Toute religion qui succède à une autre respecte longtemps certaines pratiques et formes de culte, qu'elle se borne à harmoniser avec ses propres dogmes. Gérard de Nerval ("Isis", Les Filles du feu) Saint Grégoire-le-Grand considérait déjà qu'il valait mieux investir les anciens lieux de culte en les consacrant à Dieu, plutôt que de les détruire et de s'aliéner la dévotion des fidèles.

Il est désormais largement admis que les églises ont souvent été bâties à l'emplacement des anciens temples, de même que ceux-ci ont sans doute succédé à d'autres cultes. Les anciennes légendes reprennent vie à travers de nouveaux récits. Il y a succession, superposition, et non remplacement. Et l'on peut considérer que la "mythologie française" est faite de l'accumulation, de l'assimilation, de la mise en résonance, de la conjonction ou de l'opposition de tous ces apports successifs.


L'étudier revient dès lors à fouiller dans le passé et à en explorer les strates superposées. Et l'on se retrouve face à un immense puzzle dont bien des pièces sont manquantes. Mais celles que l'on déterre, situées sur un même territoire et générant une même culture, participent nécessairement à une même construction. C'est ce puzzle que les défricheurs de la mythologie française, faisant appel à tous les outils qui étaient à leur disposition, se sont ingéniés à recomposer.

D'autre part, il serait illusoire, là encore plus que dans tout autre mythologie, de rechercher une exactitude des données : les noms peuvent changer, tout autant que les liens de parenté ou la paternité des faits. Il s'agit d'un ensemble mouvant où, selon les sources et les traditions, tout peut être dit, et son contraire, ce qui n'exclut pas une certaine logique dans la récurrence des thèmes et dans les significations qui s'y font jour…

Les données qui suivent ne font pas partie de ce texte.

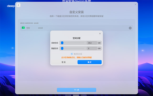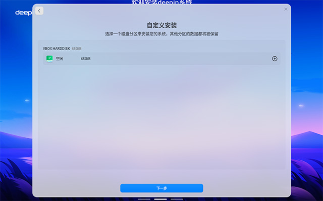 在进行自定义安装前,请先在电脑上准备好安装 deepin所需的磁盘空间(至少65G以上),关于如何在电脑上进行磁盘分区,这里不再详细展开。
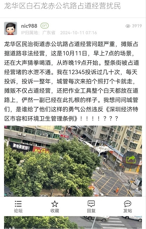 16. 帖文《龙华区白石龙赤公坑路占道经营扰民》
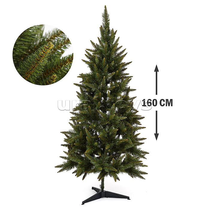 • Высота ёлки: 160 см. • Количество ярусов: 10 • Тип крепления веток: отгибающиеся. • Длина иголок: 4 см. • Материал иголок: ПВХ. • Пластиковая подставка.

La bibliographie concernant ce domaine est abondante et touche de multiples champs d'investigations.

 

mythes, contes et légendes

Il y a lieu de distinguer entre ces trois modes de récits, notamment dans les rapports qu'ils entretiennent avec le temps et l'espace :

Les mythes sont fondateurs, ils se situent au Commencement, " en ce temps-là ", in illo tempore, et leur scène est la Terre. Mircea Eliade propose cette définition : " Il ne se laisse saisir en tant que mythe que dans la mesure où il révèle que quelque chose s'est pleinement manifesté, et cette manifestation est à la fois créatrice et exemplaire, puisqu'elle fonde aussi bien une structure du réel qu'un comportement humain. " (Mythes, rêves et mystères, Paris, Gallimard, 1957, rééd. Folio Essais, 1999, p. 13)

Les contes se situent hors du temps, en un temps indéterminé - " il était une fois " - et en un lieu fantaisiste : " Il faut dire que c'était au vieux temps avant qu'on eût pris la coutume trois coups le jour de sonner l'angélus. Les fées venaient encore se jouer en ce pays. Dans les bois, dans les prés, les bergers, les chasseurs avaient affaire à elles. " (Henri Pourrat, "La Chemise de la fée", Les Fées, Gallimard, 1983, p. 28)

Les légendes enfin parlent de " ce lieu-ci ", celui où l'on se trouve, et d'un temps lointain mais inscrit dans le passé, dans la continuité historique. Elles rendent compte des particularités de l'endroit.

Ainsi, les mythes mettent en scène les dieux, qui nous dominent de toute leur puissance ; les contes évoquent des êtres merveilleux, à l'existence évanescente ; et les légendes se situent au niveau de l'homme, fût-il un héros.

Les mythes sont générateurs de rites ; mythes et légendes sont objets de croyance ; et les contes ont réputation d'être fantaisistes. Mais on peut observer une perméabilité et des allers et retours incessants entre ces différents domaines : " Lorsqu'il n'est plus assumé comme une révélation des "mystères", le mythe se "dégrade", il s'obscurcit, devient conte ou légende." (Mircea Eliade, op. cit., p. 14).